AWS re:Invent 2023 - Goldman Sachs: The journey to zero downtime (FSI310)

Summary

  • Introduction: Manjula Nagineni, a senior solutions architect at AWS, introduces the session on Goldman Sachs' journey to zero downtime, emphasizing the complexity of achieving this in distributed systems.
  • Problem Statement: Zero downtime is critical for client trust, especially in the banking industry, and is driven by the need for resiliency, client trust, and meeting SLAs.
  • Goldman Sachs Transaction Banking (TXB): Rob Carson explains that TXB is built on AWS, with hundreds of microservices and a zero recovery point objective (RPO). They aim for minimal recovery time objective (RTO) and have thousands of deployments annually.
  • High Availability Architecture: Rob discusses the architecture, including the use of Amazon ECS, Terraform, microaccounts, VPC endpoint services, and DevOps practices.
  • Deployment Strategies: Akarshit Bachu covers zero downtime deployment strategies, focusing on stateless services using AWS ECS Fargate and Blue-Green deployment with AWS CodeDeploy and CloudWatch Synthetics.
  • Stateful Resources: Strategies for Amazon RDS, Amazon MSK, and DynamoDB are discussed, including a homegrown solution for Aurora RDS to achieve high availability.
  • Release Procedures: The use of infrastructure as code, security as code, and AWS CloudWatch Synthetics for validating releases is explained.
  • Game Days: A ritual in TXB where they perform multi-region deployments and failovers to test resiliency and update runbooks.
  • Key Wins and Lessons Learned: Rob shares the benefits of their approach, including reduced prod release validation time, fewer dev team release hours, and decreased Aurora downtime per deployment.

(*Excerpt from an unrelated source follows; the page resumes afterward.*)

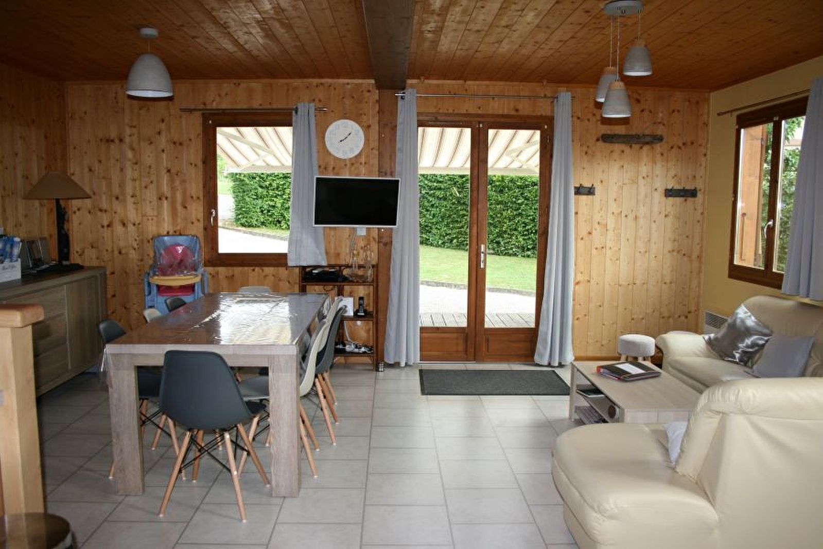Bienvenue au chalet des 7 Aventuriers! Situé sur un terrain entièrement clos de 1000 m², il se compose au rez de chaussée d'une pièce de vie lumineuse avec cuisine intégrée toute équipée, d'un salon (avec TV) offrant un accès direct à une terrasse couverte, d'une chambre avec 1 lit double (140*190), d'une salle d'eau avec WC et d'une buanderie avec lave-linge et sèche-linge. A l'étage, 2 chambres : l'une avec 2 lits gigognes (soit 4 couchages) et l'autre avec un lit double (140*190), d'une salle de bain avec baignoire et d'un WC séparé. Côté extérieur : salon de jardin avec barbecue et transats. Les petit plus : table de ping-pong et baby-foot Note : ce gîte est recommandé pour accueillir 6 adultes et 2 enfants ( une chambre accueille 4 couchages en lit gigogne) Frais de consommation électrique selon consommation :un relevé des compteurs sera effectué lors de l'entrée et en fin de séjour (environ 10 à 15€/semaine sans utilisation du chauffage électrique ou 40 à 60€/semaine avec une utilisation maitrisée du chauffage électrique en saison hiver). A proximité : Cascades du Hérisson, Lacs de Chalain, Vouglans, Clairvaux les lacs musée du jouet à Moirans en Montagne, Musée de la Vache qui rit à Lons le Saunier. Activités de plein air : Randonnées, parcours en vélo, pêche, baignade, activités sportives et nautiques comme l'accrobranche ou le kayak A voir : Saut de la Saisse et marmites de Géant dans le village, Belvédère des 4 lacs de la petite écosse, Pic de l'aigle, Reculée et cascade de La Frasnée, Belvédère de la dame blanche à Bonlieu, Reculée des planches à Baume les Messieurs Terroir : Fruitières à comté, Vins et Charcuterie du jura... Réduction de 40 euros pour toute réservation de 15 jours minimum. Note : la caution est obligatoire, si vous n'avez pas de chéquier, merci de prévoir de l'espèce ou de faire un virement bancaire quelques jours avant votre arrivée, elle vous sera restituée 15 jours après la fin de votre séjour. Forfait ménage à 90 euros si animal.

He also shares lessons learned about deep health checks, NLB vs. ALB flips, and event-driven applications.
  • Looking Forward: Manjula outlines future enhancements, including blue-green deployments for Aurora PostgreSQL, chaos testing with AWS Fault Injection Simulator, and zero-touch release processes.

Insights

  • Resiliency is Key: The emphasis on resiliency and the quote from AWS CTO Werner Vogels, "everything fails all the time," highlights the importance of designing systems that can withstand failures.

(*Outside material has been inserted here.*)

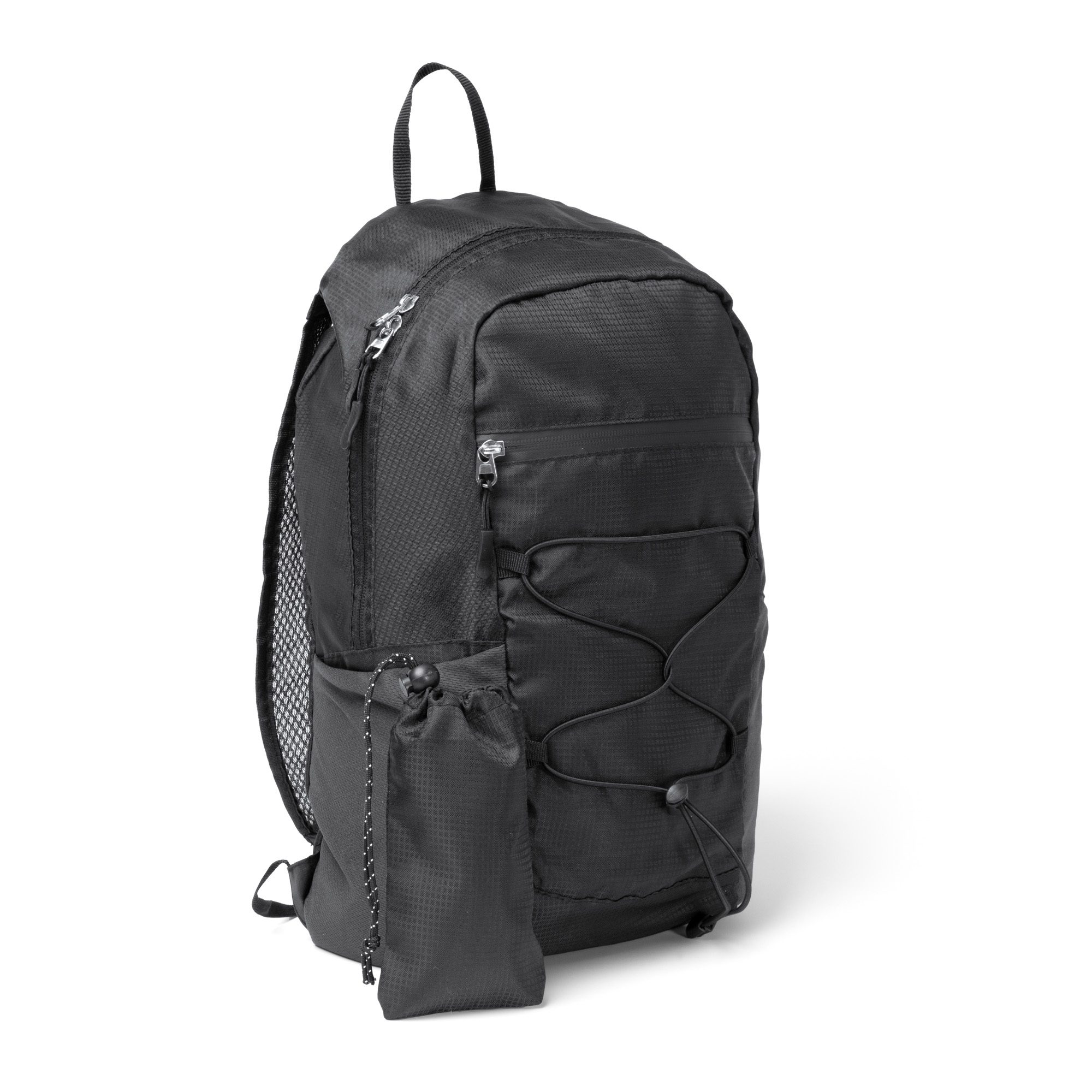 Mochila deportiva realizada en Ripstop RPET 420D. Con un compartimento principal con cierre de cremallera doble y bolsillo interior. Cuenta con dos compartimentos exteriores de rejilla y un compartimento frontal exterior con cierre de cremallera resistente al agua y cuerdas elástica. Además, incopora en su interior una bolsa con mosquetón para su guardado. Con asas elaboradas en material de rejilla.

  • Client Trust and SLAs: The banking industry's reliance on 24/7 service availability underscores the need for architectures that can maintain client trust and meet stringent SLAs.

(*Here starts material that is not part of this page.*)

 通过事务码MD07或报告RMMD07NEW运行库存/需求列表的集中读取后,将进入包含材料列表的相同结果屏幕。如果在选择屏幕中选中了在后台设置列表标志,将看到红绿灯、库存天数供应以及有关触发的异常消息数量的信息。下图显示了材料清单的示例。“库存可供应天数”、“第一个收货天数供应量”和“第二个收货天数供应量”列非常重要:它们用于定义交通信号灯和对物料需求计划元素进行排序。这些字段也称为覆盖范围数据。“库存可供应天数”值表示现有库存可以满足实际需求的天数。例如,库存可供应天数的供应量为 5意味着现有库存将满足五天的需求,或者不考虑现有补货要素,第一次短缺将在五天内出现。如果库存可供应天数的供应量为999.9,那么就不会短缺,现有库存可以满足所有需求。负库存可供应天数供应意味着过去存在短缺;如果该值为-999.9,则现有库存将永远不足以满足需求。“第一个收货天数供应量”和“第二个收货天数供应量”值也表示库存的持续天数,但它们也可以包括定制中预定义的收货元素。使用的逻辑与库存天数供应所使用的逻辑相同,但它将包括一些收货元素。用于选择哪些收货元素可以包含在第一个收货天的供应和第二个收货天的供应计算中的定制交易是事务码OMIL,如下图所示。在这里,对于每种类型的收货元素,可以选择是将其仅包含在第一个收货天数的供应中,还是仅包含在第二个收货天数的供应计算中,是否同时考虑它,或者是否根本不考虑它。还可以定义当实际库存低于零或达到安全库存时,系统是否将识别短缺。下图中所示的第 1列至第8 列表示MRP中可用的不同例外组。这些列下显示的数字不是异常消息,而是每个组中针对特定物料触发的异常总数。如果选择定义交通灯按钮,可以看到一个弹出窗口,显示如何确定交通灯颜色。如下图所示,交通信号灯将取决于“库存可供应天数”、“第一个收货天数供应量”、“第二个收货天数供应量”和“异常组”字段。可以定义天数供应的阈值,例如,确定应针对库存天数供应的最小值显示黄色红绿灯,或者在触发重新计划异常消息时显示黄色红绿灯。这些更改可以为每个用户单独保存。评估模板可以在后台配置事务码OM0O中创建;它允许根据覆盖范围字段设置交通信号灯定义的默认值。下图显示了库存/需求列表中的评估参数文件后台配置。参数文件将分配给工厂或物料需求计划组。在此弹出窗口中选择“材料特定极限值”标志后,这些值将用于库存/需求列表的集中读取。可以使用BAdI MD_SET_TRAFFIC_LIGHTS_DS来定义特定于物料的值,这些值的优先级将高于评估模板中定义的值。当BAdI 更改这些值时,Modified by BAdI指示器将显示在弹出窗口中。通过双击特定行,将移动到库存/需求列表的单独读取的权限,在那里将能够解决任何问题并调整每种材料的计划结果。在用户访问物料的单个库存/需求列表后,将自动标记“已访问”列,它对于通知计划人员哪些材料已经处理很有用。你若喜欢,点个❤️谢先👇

  • Microservices and Microaccounts: Goldman Sachs' use of hundreds of microservices and the concept of microaccounts for isolation to prevent cascading failures demonstrates a commitment to modular and resilient design.
  • Blue-Green Deployments: The detailed explanation of blue-green deployments for both stateless and stateful services shows a sophisticated approach to minimizing downtime during updates.
  • Automation and DevOps: The focus on automating technical and functional processes and embracing a DevOps culture indicates a modern approach to software development and operations.
  • Game Days: The practice of conducting game days to test the system's resiliency and update runbooks is a proactive approach to ensuring system reliability.
  • Continuous Improvement: The session concludes with a look at future enhancements, suggesting that the journey to zero downtime is ongoing and requires continuous innovation and adaptation.